◆ **What the task requires**:
Should the entries contain pictures, leave them out and return exactly the lines from the first through the line holding "Foto da sede reformada da SEMTADES".

◆ **Records from a data collection**:
= = = =

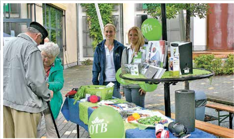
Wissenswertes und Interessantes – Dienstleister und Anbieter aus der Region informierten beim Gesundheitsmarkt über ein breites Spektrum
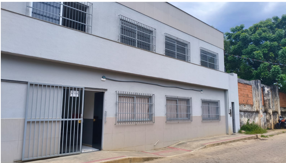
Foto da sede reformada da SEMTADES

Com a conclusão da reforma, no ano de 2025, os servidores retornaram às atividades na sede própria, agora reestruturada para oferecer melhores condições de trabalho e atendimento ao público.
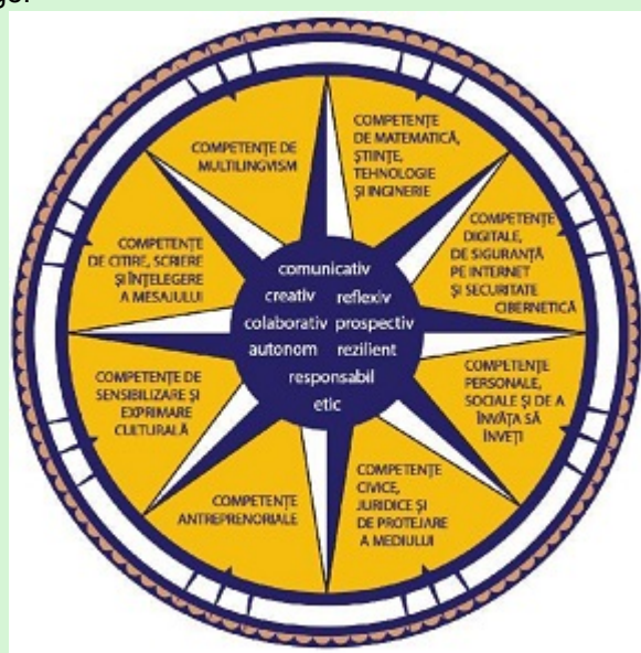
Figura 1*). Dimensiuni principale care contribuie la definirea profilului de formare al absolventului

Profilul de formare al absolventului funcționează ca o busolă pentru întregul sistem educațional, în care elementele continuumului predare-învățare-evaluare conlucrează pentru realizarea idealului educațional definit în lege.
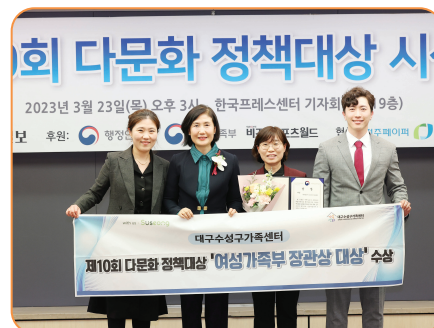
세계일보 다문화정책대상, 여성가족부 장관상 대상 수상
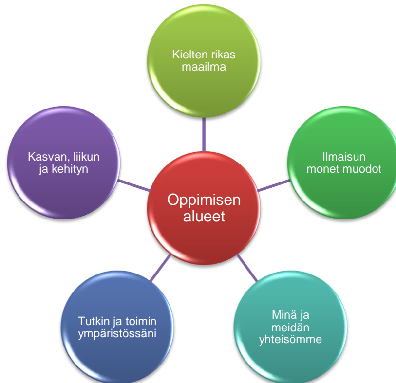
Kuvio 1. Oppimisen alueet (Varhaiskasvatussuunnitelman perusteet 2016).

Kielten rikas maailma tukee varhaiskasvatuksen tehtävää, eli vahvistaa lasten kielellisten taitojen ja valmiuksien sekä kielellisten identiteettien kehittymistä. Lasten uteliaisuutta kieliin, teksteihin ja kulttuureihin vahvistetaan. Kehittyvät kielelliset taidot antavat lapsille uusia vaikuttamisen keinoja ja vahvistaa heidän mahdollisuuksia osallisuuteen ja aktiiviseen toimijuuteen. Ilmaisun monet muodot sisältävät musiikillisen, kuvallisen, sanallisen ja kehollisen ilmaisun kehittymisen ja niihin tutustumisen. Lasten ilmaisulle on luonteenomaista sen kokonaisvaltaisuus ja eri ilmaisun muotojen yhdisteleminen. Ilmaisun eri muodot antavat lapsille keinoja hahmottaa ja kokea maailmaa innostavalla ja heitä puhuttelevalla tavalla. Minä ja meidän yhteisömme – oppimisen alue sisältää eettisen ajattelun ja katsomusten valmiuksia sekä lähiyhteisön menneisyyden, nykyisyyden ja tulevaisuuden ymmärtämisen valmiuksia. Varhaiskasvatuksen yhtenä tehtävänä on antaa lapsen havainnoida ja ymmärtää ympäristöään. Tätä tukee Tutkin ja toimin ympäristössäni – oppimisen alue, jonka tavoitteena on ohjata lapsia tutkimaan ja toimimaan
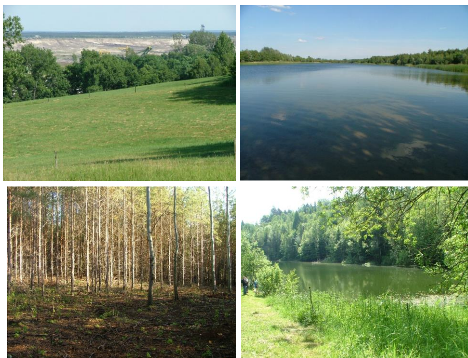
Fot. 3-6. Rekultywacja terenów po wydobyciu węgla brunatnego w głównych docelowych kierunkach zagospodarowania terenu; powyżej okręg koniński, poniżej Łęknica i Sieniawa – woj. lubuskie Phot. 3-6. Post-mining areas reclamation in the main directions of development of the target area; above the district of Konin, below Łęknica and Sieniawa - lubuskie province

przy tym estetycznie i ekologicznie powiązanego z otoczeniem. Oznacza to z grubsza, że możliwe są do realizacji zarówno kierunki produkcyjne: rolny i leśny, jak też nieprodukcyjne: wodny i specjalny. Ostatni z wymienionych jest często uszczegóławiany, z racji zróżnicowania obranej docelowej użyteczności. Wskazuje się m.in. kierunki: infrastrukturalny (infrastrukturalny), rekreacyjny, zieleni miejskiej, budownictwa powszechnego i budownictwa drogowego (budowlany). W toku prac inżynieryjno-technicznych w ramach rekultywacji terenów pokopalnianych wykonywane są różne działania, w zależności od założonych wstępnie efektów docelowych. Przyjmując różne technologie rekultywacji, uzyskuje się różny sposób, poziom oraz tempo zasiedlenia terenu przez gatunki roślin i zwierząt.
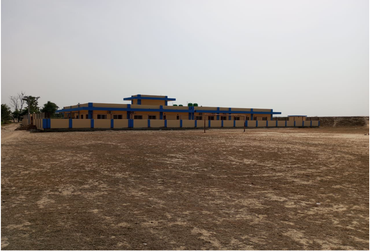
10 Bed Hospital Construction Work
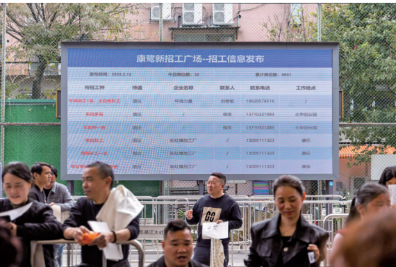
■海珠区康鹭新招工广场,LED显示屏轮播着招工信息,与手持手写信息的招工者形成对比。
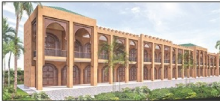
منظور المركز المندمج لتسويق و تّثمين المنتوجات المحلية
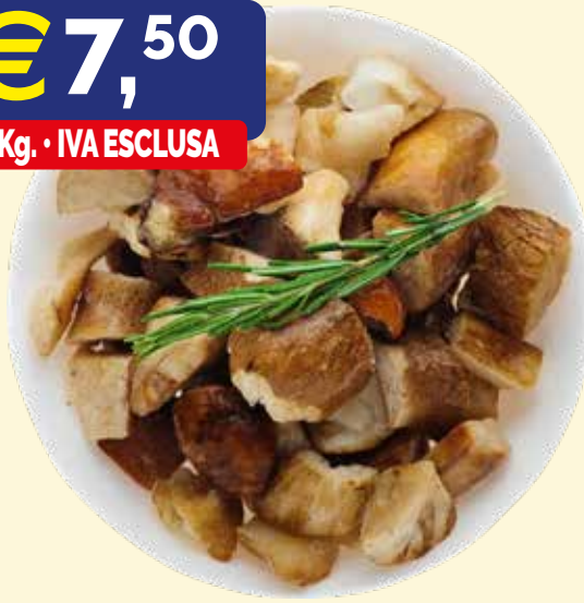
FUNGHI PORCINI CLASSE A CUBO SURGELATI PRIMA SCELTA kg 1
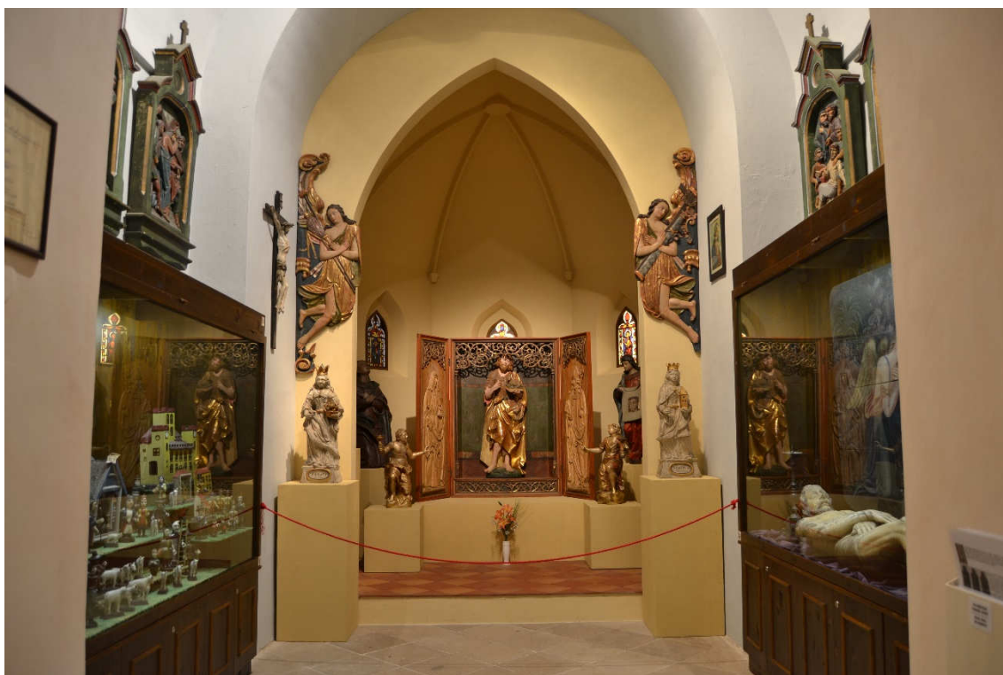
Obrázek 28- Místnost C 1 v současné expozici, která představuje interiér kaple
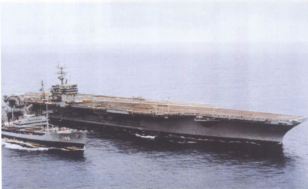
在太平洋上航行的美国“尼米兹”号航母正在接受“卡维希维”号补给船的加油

= = = =

◆ **Output of the exercise**:
Wissenswertes und Interessantes – Dienstleister und Anbieter aus der Region informierten beim Gesundheitsmarkt über ein breites Spektrum
Foto da sede reformada da SEMTADES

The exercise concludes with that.